Charity: Oh yeah. VA has got their shit done.
Other countries send their healthcare like muckety-mucks to come learn from not the rest of the healthcare system in the US, but from the VA, it is the most successful health healthcare system in the world or was.
Well, and so this is the thing that happened is over our lifetimes, the US government decided to stop doing things for itself and depending on the private sector to do it for them.
And there are a lot of ways where that makes sense, you want to manufacture your own pencils, right?
It makes sense to buy pencils.
I think it makes a lot of sense, given the size and the complexity of most government projects.
I think it does make sense to lean on the private sector, but they went too far and we got into a situation where the people inside the government didn't understand anything about what they were buying. Right.
And that caused a lot of problems.
The thing about healthcare.gov, that's really wild. It is not the largest technology failure that the US has had by far. It was just a very public one.
Charity: What is the largest?
Mark: It depends on how you define it. Cause if you look at-
Charity: The F35, not withstanding.
Mark: I was going to say. I think there are a lot of large defense projects that could fall under that category.
But if you want to talk about a software system, the one that comes to mind is--
There was a project to build FBI case file system, and if I'm remembering correctly, it was $1.1 billion and then got canceled.
That's the largest one that I can think of. But that's the thing. There could be others-
Charity: Right, how would we know?
Mark: The nature of most of these-- Yeah, how would we know?
Charity: That brings this to the vaccine rollout.
Mark: Yeah. A lot going on there. Huh?
Charity: There's a bit. There's a bit.
Shelby: I'm interested in actually hearing if you can give us a nutshell version, from your perspective, knowing how government agencies work with software consultancies and stuff.
What might people not be seeing in the current rollout situation?
Mark: Honestly, I think what people are seeing is this is one of the clearest lived experiences of how complicated, and I'm going to tease Charity a little bit here, siloed the various parts of government are.
Because what we're for a vaccine rollout, we're talking about interactions between multiple federal agencies and 50 States plus territories, plus local municipalities, county and city.
None of those are designed to work together and that's on purpose.
None of them share trust. And that's also on purpose. Like we wanted it this way.
Shelby: The Federalization and local municipalities having like that local authority.
It's good for a lot of reasons, but yeah, when something, you need something to roll out across the entire country, it adds a lot of complexity.
Charity: I just want their money for my fiefdom.
I don't want to topple my fiefdom, I just want money for my fiefdom.
Mark: So what you're seeing is, A, getting logistics done across the entire country is wickedly, wickedly hard.
And that's just getting the vaccines distributed, right?
The other half of this, which is the part I feel a lot more confident speaking about is the-- someone's like, why can't I get a sign up?
Why are the websites so hard?
What about that guy in the New York times who like made a sign up website and it only costs $50, which is one of the most irresponsible things that I've seen the New York times published in a while.
Shelby: That was journalistic malpractice just straight up. Like we can get into that, but continue.

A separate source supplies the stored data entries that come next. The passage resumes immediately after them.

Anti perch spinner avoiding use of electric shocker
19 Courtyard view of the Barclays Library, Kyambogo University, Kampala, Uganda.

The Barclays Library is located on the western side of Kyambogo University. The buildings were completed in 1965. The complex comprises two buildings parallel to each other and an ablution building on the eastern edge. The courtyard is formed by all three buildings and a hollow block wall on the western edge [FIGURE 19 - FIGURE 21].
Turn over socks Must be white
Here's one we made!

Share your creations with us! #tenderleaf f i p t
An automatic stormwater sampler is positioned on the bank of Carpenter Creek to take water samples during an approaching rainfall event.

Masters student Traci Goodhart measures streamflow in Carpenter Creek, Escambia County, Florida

Mark: Because all of these software systems are built on top of policies and these interactions and it's Conway's law at national scale, right?
There is no like vaccine.gov because structurally there is no single place to go get a vaccine.

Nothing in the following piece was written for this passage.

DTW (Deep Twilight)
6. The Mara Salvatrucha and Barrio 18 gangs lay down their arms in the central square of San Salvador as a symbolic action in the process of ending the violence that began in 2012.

And so you see a lot of volunteer projects that have kind of popped up to try to fill this gap.
There's the, what is it?
It's vaccinated.ca I think is the one that I'm familiar with where they, they literally just have volunteers calling all of the places where vaccines might be, and then they update a website.
I got to tell you a brute force works, right? Like that's a fine way to do it. The fact that we have to do it that way is indicative of the way the US government works kind of all the time. Like this is how it operates.

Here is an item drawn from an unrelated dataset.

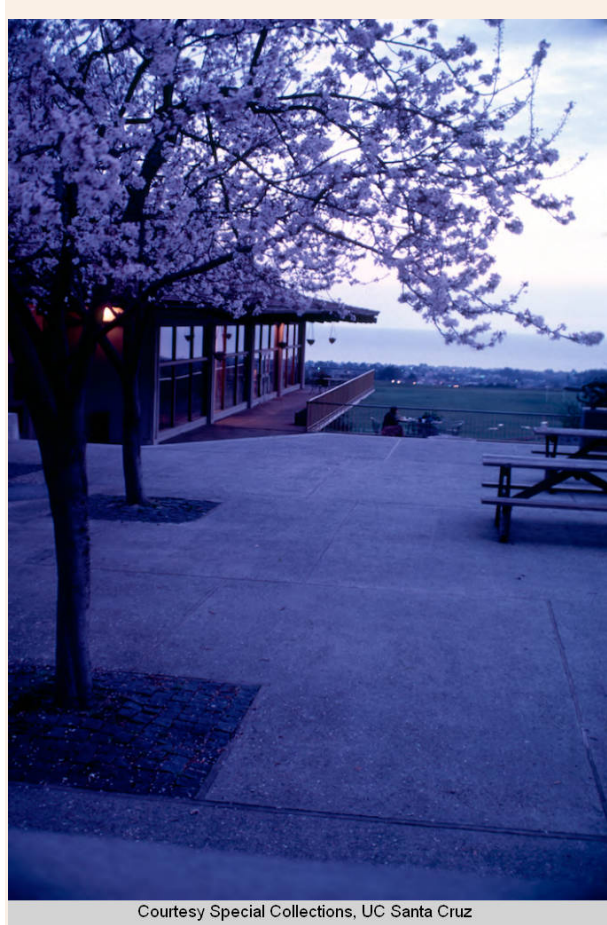
Monterey Bay vista from Cowell College

The LASC Dinner and Celebration will be held at the Cowell Provost House from 5:45pm to 8pm . Dinner will be served at 6pm. The Cowell Provost House is a pleasant walk from Humanities or Stevenson College, and any local will gladly show you the way.

And to be clear, this isn't because California doesn't have a technology arm, they have a very, very solid, like they got COVID-19.ca.gov up quickly.
They've maintained it correctly.
They've integrated with Apple and Google's exposure notification work.
All of these systems have come online.
That one was done entirely by government folks that wasn't a contract job.
And it's, I think a good example of places where the government can and does do good work, but-
Charity: But does it matter if it's not in concert with everyone else with the rest of the system?
Mark: And that is the difficulty.
And this is also one of the places where the administration matters.
It really does like having people who are running things and paying attention and trying to make things work matters-
Charity: Say more about that. Why would anyone not want things for work?
Mark: You know, Charity? I honestly, I don't know.
When I think about what government is for, it's to reduce the number of things that we need to worry about.
Mark: Right. And it's the stuff that we need to do collectively together.
Like that's what it's for. And as the world gets more and more complicated, we need those things.
Charity: We shouldn't all have to be experts in the protocols of how the FDA approves what medication or whatnot, or seeking out our own hydroxy chloroquine on the internet or any of this shit.
It's actually too complicated for us all to keep track of.
Shelby: But even if you ignore bad actors, there's so much complexity.
And I wonder if this is something that's different about the vaccine rollout versus your experience with healthcare.gov, where there's so much complexity at the local level.
Like you're actually trying to get vaccines into people's arms.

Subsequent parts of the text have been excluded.